Saw a video for this a while ago and thought it was an awesome idea. So far for me its working great.

00 (double ot) vegetable capsules separated 500ct $30
Osmocote® Smart Release® Plant Food Plus - 1 lb. $10

Fill tabs with Osmocote. Place one every square foot or so at bottom of tank when laying down your substrate. As the veggie tab begins to dissolve the ferts are slowly released so the establishing roots may absorb the nutrients needed. Used in my native 55 and the plants are doing increadably well. No other ferts added for the last two months now and no spike in the water column. Cheap easy and only requires a small amont of effort to accomplish.


----------



## customtanks (Oct 31, 2014)

Yea, an after awhile of replacing the tabs u end up with a bunch of little yellow fertilizer balls on the top of ya substrate cuz ya plants dont use all of it an u pull plants to put new ones or jus make space.


----------



## k zeller (Oct 9, 2014)

customtanks said:


> Yea, an after awhile of replacing the tabs u end up with a bunch of little yellow fertilizer balls on the top of ya substrate cuz ya plants dont use all of it an u pull plants to put new ones or jus make space.


All be it the truth, whereas wit hany other fert tab that many other people purchase, there are resins used to keep the nutrients on a ball shape. This resin is what is usually found like you mention. This resin is harmless and if you are doing a heavily planted tank they will hardly ever be noticable.

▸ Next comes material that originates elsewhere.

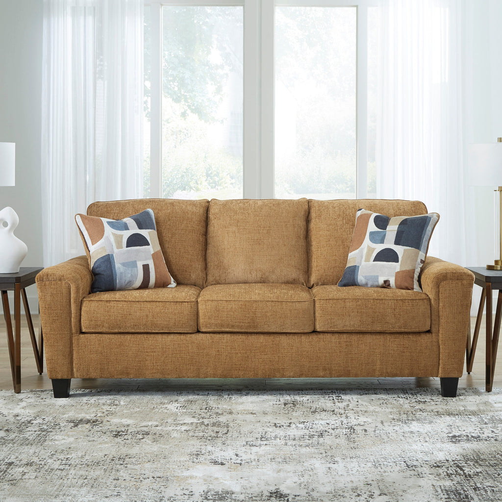 There’s something about this loveseat that’s so easy to appreciate. Maybe it’s the plush upholstery and comforting earthy tone, eager to support your quest for total relaxation. Perhaps it's the modern flair of its simple lines, tapered legs and abstract-patterned pillows. Whatever it is that appeals to you, this is a piece you're gonna love.

Especially with carpeting plants...


----------



## customtanks (Oct 31, 2014)

k zeller said:


> All be it the truth, whereas wit hany other fert tab that many other people purchase, there are resins used to keep the nutrients on a ball shape. This resin is what is usually found like you mention. This resin is harmless and if you are doing a heavily planted tank they will hardly ever be noticable. Especially with carpeting plants...


The clay roottabs r the best, i think anyway but u have to use dry ferts to make em.


----------



## gar1948 (Apr 8, 2015)

How would you place these osmocote capsules in a spec 3 tank that is only 8"x8" square?


----------



## dirtmonkey (Mar 12, 2007)

gar1948 said:


> How would you place these osmocote capsules in a spec 3 tank that is only 8"x8" square?


I would just use long forceps and put in a few of the little fertilizer pellets individually. A whole capsule would be a huge concentration all in one spot.


----------